Frenchman in The Rockies

Franck is taking our French guests Robert and Mireille on a good old Canadian Road Trip through Beautiful BC while I hold down the fort at home (that screaming sound you can hear is me).

Us Canucks have a damned fine backyard.

Proof That People Really Were Shorter in 1789

Our recent guest at La Maison des Deux Clochers just sent me this photo of her husband Brian in front of the doorway to the kitchen.

Brian is, granted, very tall but he is far from being the only guest at La Maison des Deux Clochers who experienced a thorough bang on the head as a daily reminder that people really were much shorter in 1789.  This is the year the house was built – around the same time as the Bastille was being stormed and Revolutionary mobs were unleashed in the streets of Paris.    

The door (and the doorjam) are definitely items that date back to 1789 – if guests have a gander at the elaborate and massive hinges you can see how they are definitely not the kind purchased at your local Home Depot (or Bricorama in France).  They were forged and beaten by hand courtesy of the village ironmonger.

But this may be little consolation to Brian who has now moved onto the Rhone Valley to nurse his cranial bruises – hopefully with the help of a little wine.  Nobody said it was easy living inside a history lesson!

Where Did That Come From?

For the last two days, Clem has been saying “Ouip!” instead of “Oui!”. I have to admit, that “P” does sound pretty snazzy at the end of the word, but I’m still scratching my head as to where it comes from.

 There’s no “P” is the “Yes”, after all. It’s not logical like Camille’s favorite franglais word of “Mait” which is a clear combination of “mais” and “but.”

So…”Ouip”…maybe a combination of “Oui” and “Yup”? The mystery continues.

Glorious French Markets

Check out this article about Beaune and Dijon’s fabulous markets.

Another two of my favorites are Chagny and Louhans.

Only five more weeks until I will be there myself, market basket in hand…I think the handle may still be warm from Lisa’s what-is-that-great-looking-cheese-over-there market grip.  Burgundy will miss her and her family but we know it has a way of pulling people back again and again...

Avion Do-Do

 

Clementine’s language is really coming along – in both English and French.  Most of her sentences are a combination of both, i.e. “That is MY pousette!”, “I saute!” and “These chaussures are too grandes.”   
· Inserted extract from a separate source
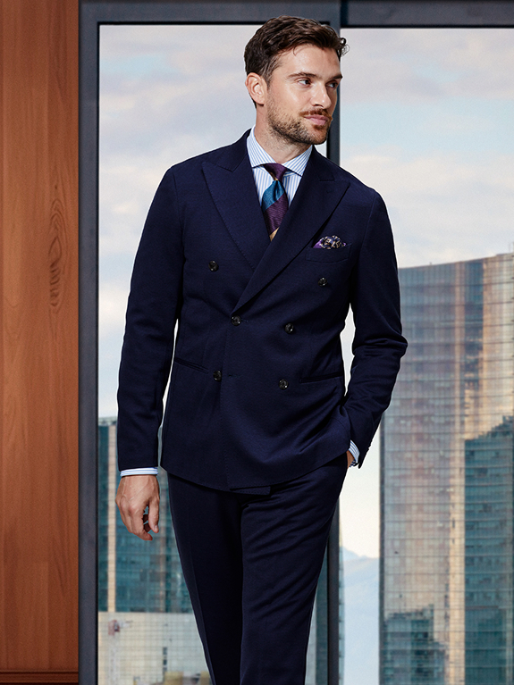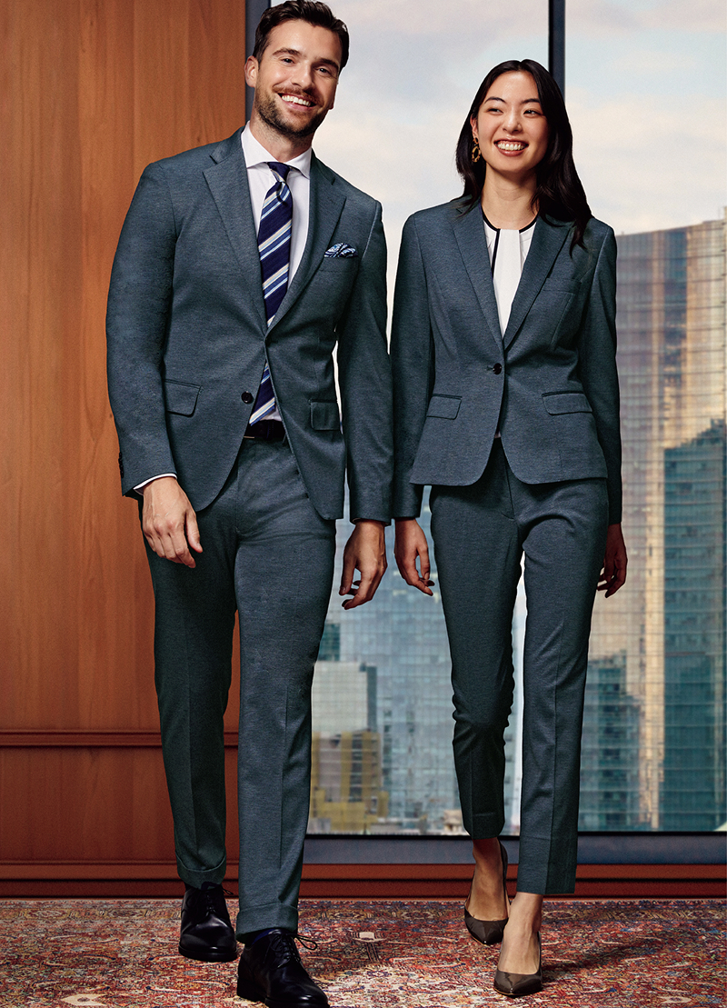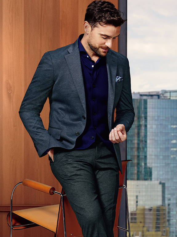 長時間移動も疲れにくいジャージー素材を用い、ひと揃えで幅広いコーディネイトが可能なセットアップを提案する「トラベラー ジャージー」。チャコールのバーズアイ素材を用いた新作は、軽量でシワになりにくく、オールシーズン着用可能で、合繊生地ながらも、ウール見えする上品で高級感のある表情。まさしく出張にうってつけなセットアップです。

There is one sentence, however, that always comes out in French.  It is what Clementine says when she wants to join in the adult conversation (often) and feels she needs to say something particularly insightful and grown-up.  

In Clem’s mind, the phrase that fits the bill is “avion do-do“. 

This is the phrase I tried to hammer into her brain beofe we left for Hawaii.  I kept asking, (in French), “what do we do on an airplane Clem?”  And then I would answer for her, “do-do!” (sleep!).

Thus the phrase “avion do-do” was born, much to our family’s frequent edification.  

I hope is that she not only likes the sounds of the words themselves, but that she has also absorbed their meaning. 

In a little more than a month’s time we will be embarking with the bevy on the marathon trip from Victoria to Villers-la-Faye, and I want all the do-do‘ing in the avion that I can get from Clementine.